Supplied data:
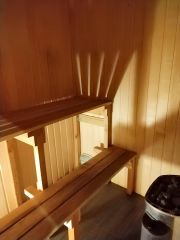 Сауна электрическая, автоматическое регулирование температуры, вениками пользоваться запрещено, стоимость 3000 р. в сутки. При заказе сауны от 2 суток - скидки.
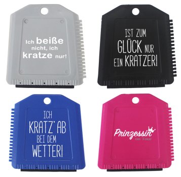 Eiskratzer mit Sprüchen 4/f 11,5x12 cm Prinzessin on Tour, Ich beiße nicht, ich kratze nur, Ist zum Glück nur ein Kratzer, Ich kratz' ab... bei dem Wetter
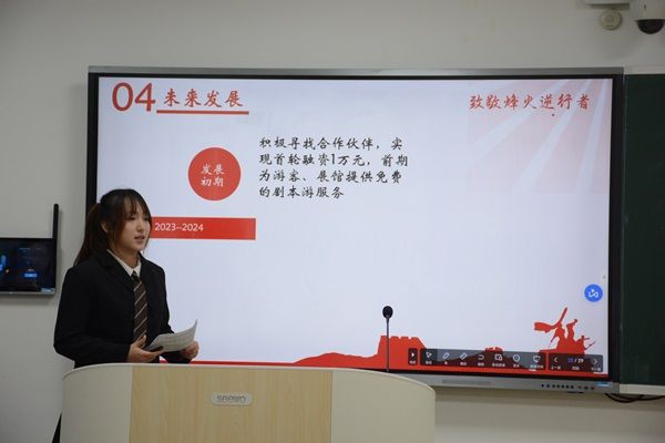 比赛过程中,各个团队负责人围绕项目背景、项目介绍、营销策略、财务规划等方面进行了具体介绍;评委们针对各组的汇报情况,从项目定向、项目融资、技术研发、团队协作、风险预估等多方面进行提问和评价,同时为项目成果的进一步优化完善提出了切实的建议。

What you need to do:
Reproduce the preceding material exactly, skipping pictures.

Task output:
 Сауна электрическая, автоматическое регулирование температуры, вениками пользоваться запрещено, стоимость 3000 р. в сутки. При заказе сауны от 2 суток - скидки.
 Eiskratzer mit Sprüchen 4/f 11,5x12 cm Prinzessin on Tour, Ich beiße nicht, ich kratze nur, Ist zum Glück nur ein Kratzer, Ich kratz' ab... bei dem Wetter
 比赛过程中,各个团队负责人围绕项目背景、项目介绍、营销策略、财务规划等方面进行了具体介绍;评委们针对各组的汇报情况,从项目定向、项目融资、技术研发、团队协作、风险预估等多方面进行提问和评价,同时为项目成果的进一步优化完善提出了切实的建议。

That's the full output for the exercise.